South Sudan suspends media bodies for failure to register with state

South Sudan

South Sudan’s media authority says it has suspended some media organisations for failing to register with the state body weeks after the deadline elapsed.

The number of media associations suspended was not disclosed but local media Eye Radio reports that the bodies affected include Union of Journalists in South Sudan (UJOSS) and Association for Media Development in South Sudan (AMDISS).

Chairman of the South Sudan Media Authority, Elijah Alier, said on Friday that the 60 media houses have registered with them before the elapse of the deadline last week.

He had explained at different functions that the reason for the order was to among others ensure media bodies become legal entities and abide by the country’s media laws.

At the moment there is that provision that you must register. So there is no way you will be operating a media house in South Sudan without a legal ground. So as we are talking now, you must be legally registered and legally operating in the media sector.

“At the moment there is that provision that you must register. So there is no way you will be operating a media house in South Sudan without a legal ground. So as we are talking now, you must be legally registered and legally operating in the media sector,” he was quoted by Eye Radio.

The Union of Journalists in South Sudan (UJOSS) confirmed that it has received the suspension letter which threatens to close down the association indefinitely in seven days if they fail to register.

“We are meeting on Monday and then we will have an understanding of that suspension in reference to the law,” said UJOSS Chairman Oliver Modi.

In June, the media authority said it had banned 20 foreign journalists from operating or entering the country.

The chairman of the authority, Elijah Alier said the unnamed journalists had reported “unsubstantiated and unrealistic stories” that have the potential to incite hate and violence.

A month after, access to four major news websites were blocked without any formal notice.
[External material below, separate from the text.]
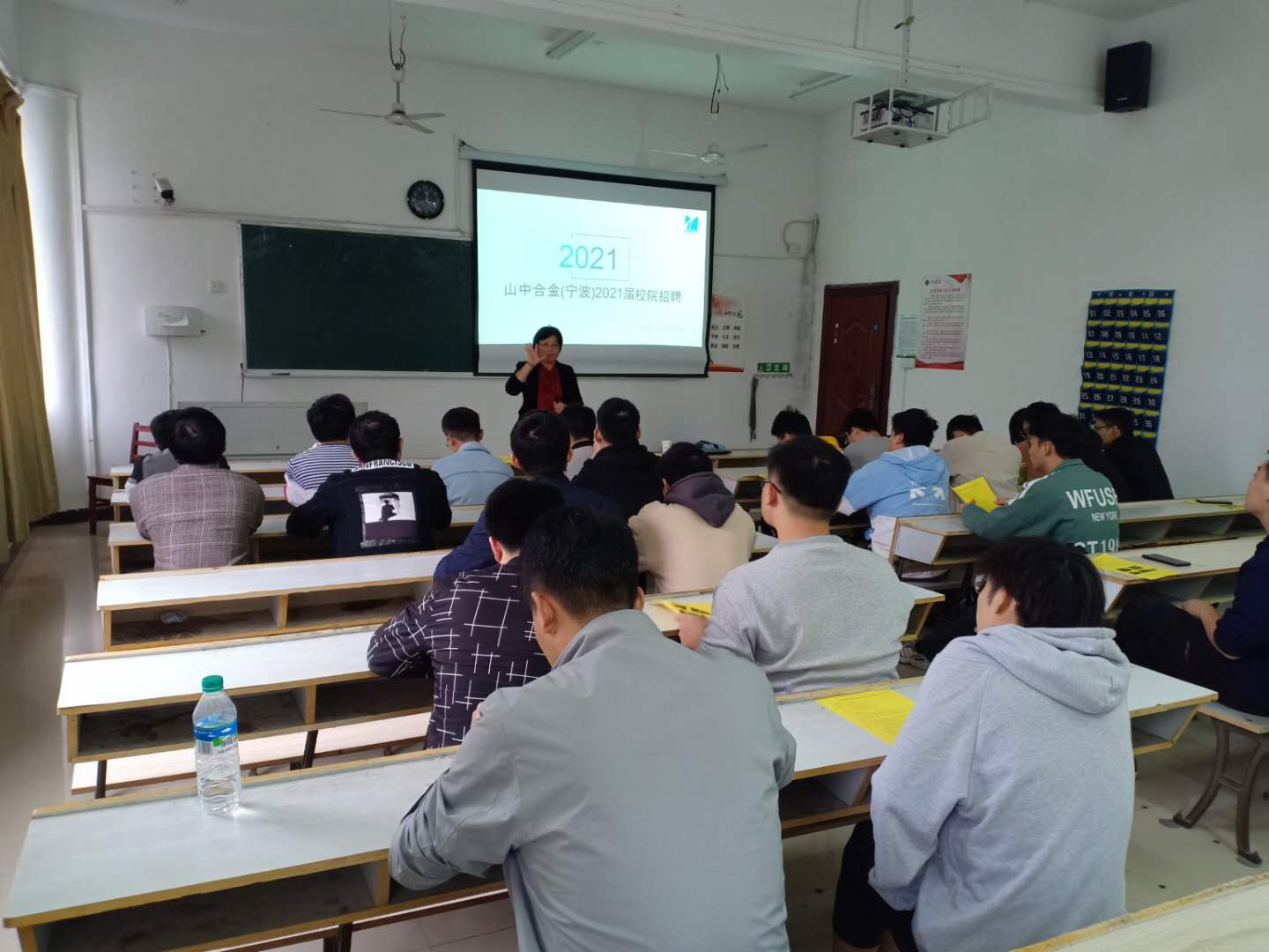 2020年10月20日下午,机电公司于2216教室召开山中合金(宁波)有限公司专场招聘会,2021届机械设计制造及其自动化、机械电子工程专业毕业生参加了招聘会。该公司的副总经理李静给员工进行宣讲。

A National Communication Authority official who pleaded anonymity told Reuters that the order to block the websites was “government policy.”

Days later, the head of the state television was arrested after failing to carry a live broadcast of President Salva Kiir’s speech during the independence day celebrations.

These incidents, among others, underscore the continuing harassment of media and journalists in the country.

The world’s youngest country plunged into conflict in December 2013 after a political feud between President Salva Kiir and armed opposition leader Riek Machar, who are from rival ethnic groups.